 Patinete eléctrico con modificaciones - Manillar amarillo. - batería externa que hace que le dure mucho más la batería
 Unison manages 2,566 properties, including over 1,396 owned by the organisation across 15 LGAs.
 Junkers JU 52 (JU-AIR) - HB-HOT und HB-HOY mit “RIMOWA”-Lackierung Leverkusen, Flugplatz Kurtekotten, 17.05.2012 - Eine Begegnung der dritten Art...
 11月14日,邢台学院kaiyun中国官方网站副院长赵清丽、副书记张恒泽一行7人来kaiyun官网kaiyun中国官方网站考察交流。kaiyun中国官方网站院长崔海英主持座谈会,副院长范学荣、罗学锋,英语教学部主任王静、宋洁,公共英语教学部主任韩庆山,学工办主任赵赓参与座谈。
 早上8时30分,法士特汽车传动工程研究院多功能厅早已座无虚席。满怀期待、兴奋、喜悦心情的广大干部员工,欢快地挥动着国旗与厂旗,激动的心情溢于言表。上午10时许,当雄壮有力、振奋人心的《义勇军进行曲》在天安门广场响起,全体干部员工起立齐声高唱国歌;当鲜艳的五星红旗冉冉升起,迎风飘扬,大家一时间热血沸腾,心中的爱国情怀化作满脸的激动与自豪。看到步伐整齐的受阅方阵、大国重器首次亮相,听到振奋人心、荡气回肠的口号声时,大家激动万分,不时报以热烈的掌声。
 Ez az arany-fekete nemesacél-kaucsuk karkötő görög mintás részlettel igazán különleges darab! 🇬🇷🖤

= = = =

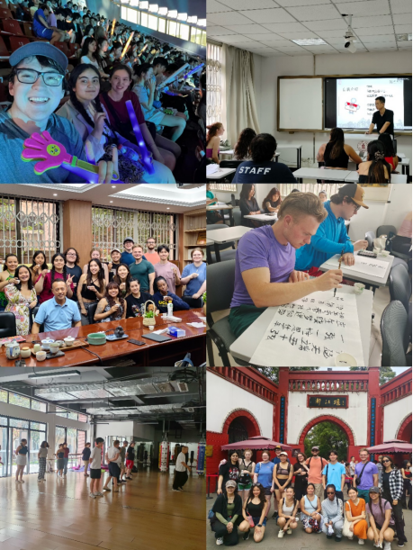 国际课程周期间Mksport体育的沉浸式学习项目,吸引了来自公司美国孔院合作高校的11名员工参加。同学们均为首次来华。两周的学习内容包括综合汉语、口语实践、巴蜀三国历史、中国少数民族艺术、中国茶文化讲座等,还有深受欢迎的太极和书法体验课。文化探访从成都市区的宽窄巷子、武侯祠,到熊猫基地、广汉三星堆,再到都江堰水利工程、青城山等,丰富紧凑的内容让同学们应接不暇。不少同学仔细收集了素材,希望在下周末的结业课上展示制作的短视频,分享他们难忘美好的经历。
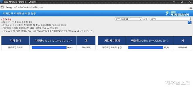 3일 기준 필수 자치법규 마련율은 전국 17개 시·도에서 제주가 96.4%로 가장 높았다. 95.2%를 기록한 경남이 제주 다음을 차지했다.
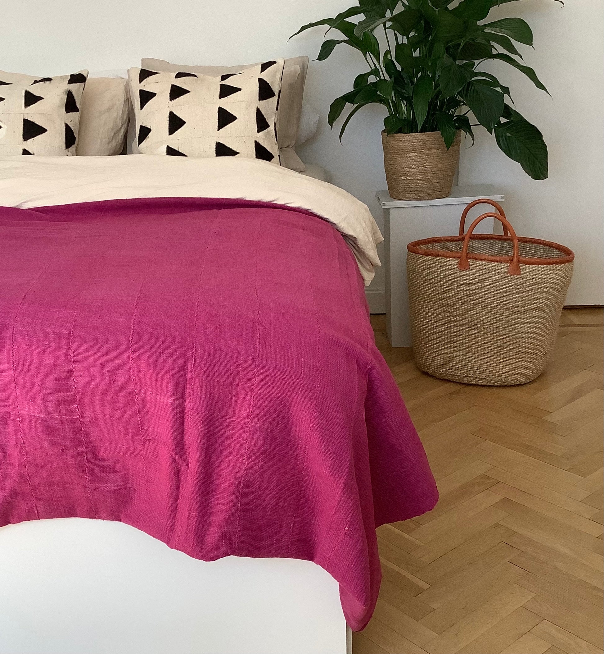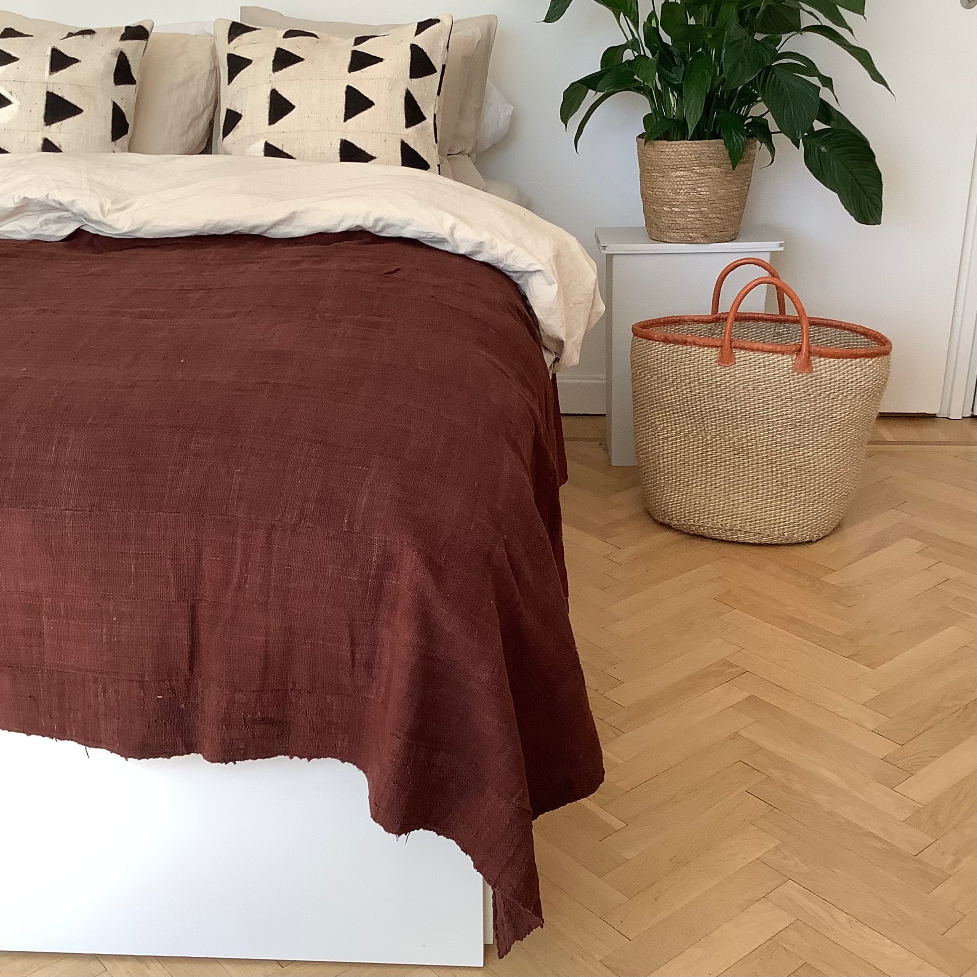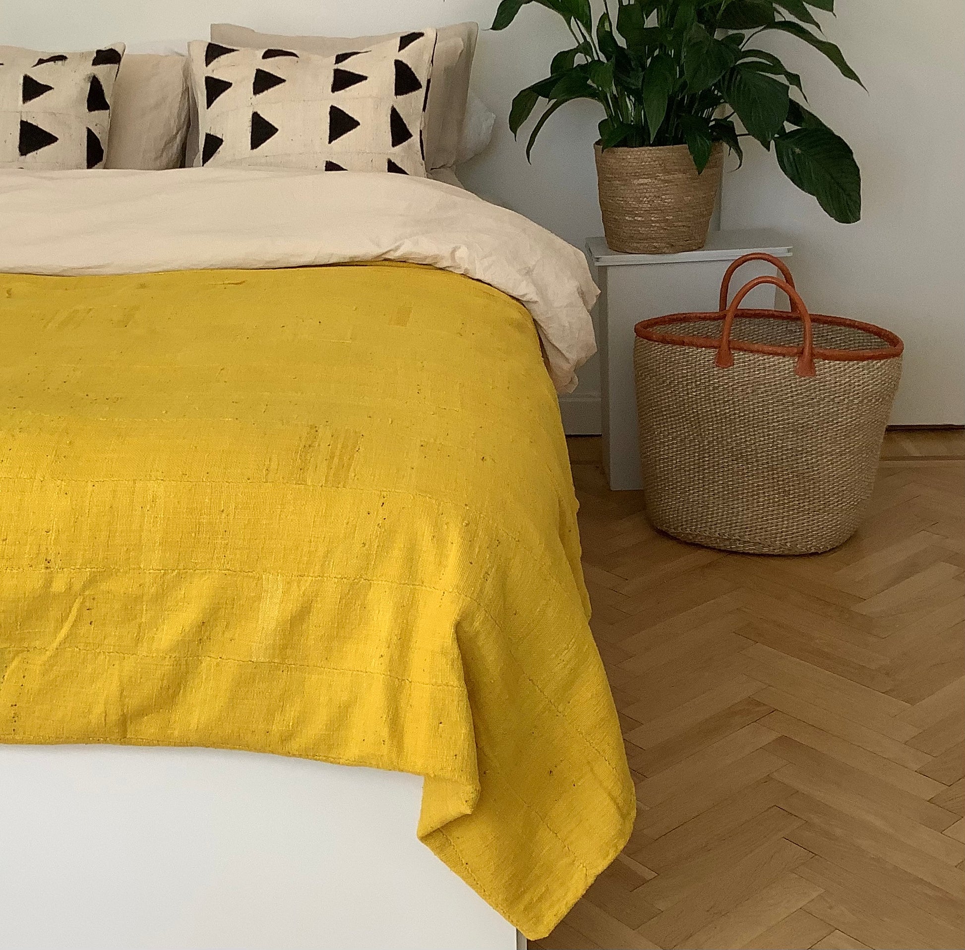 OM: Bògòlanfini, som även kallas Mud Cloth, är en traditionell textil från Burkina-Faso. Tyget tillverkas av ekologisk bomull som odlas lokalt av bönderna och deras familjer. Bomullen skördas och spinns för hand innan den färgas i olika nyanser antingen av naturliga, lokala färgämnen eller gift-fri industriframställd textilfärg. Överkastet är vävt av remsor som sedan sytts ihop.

= = = =

All that is needed is the exact run of lines above from the line containing "Junkers JU 52" through the line containing "Ez az arany-fekete", both of them included.

EXERCISE ANSWER:
 Junkers JU 52 (JU-AIR) - HB-HOT und HB-HOY mit “RIMOWA”-Lackierung Leverkusen, Flugplatz Kurtekotten, 17.05.2012 - Eine Begegnung der dritten Art...
 11月14日,邢台学院kaiyun中国官方网站副院长赵清丽、副书记张恒泽一行7人来kaiyun官网kaiyun中国官方网站考察交流。kaiyun中国官方网站院长崔海英主持座谈会,副院长范学荣、罗学锋,英语教学部主任王静、宋洁,公共英语教学部主任韩庆山,学工办主任赵赓参与座谈。
 早上8时30分,法士特汽车传动工程研究院多功能厅早已座无虚席。满怀期待、兴奋、喜悦心情的广大干部员工,欢快地挥动着国旗与厂旗,激动的心情溢于言表。上午10时许,当雄壮有力、振奋人心的《义勇军进行曲》在天安门广场响起,全体干部员工起立齐声高唱国歌;当鲜艳的五星红旗冉冉升起,迎风飘扬,大家一时间热血沸腾,心中的爱国情怀化作满脸的激动与自豪。看到步伐整齐的受阅方阵、大国重器首次亮相,听到振奋人心、荡气回肠的口号声时,大家激动万分,不时报以热烈的掌声。
 Ez az arany-fekete nemesacél-kaucsuk karkötő görög mintás részlettel igazán különleges darab! 🇬🇷🖤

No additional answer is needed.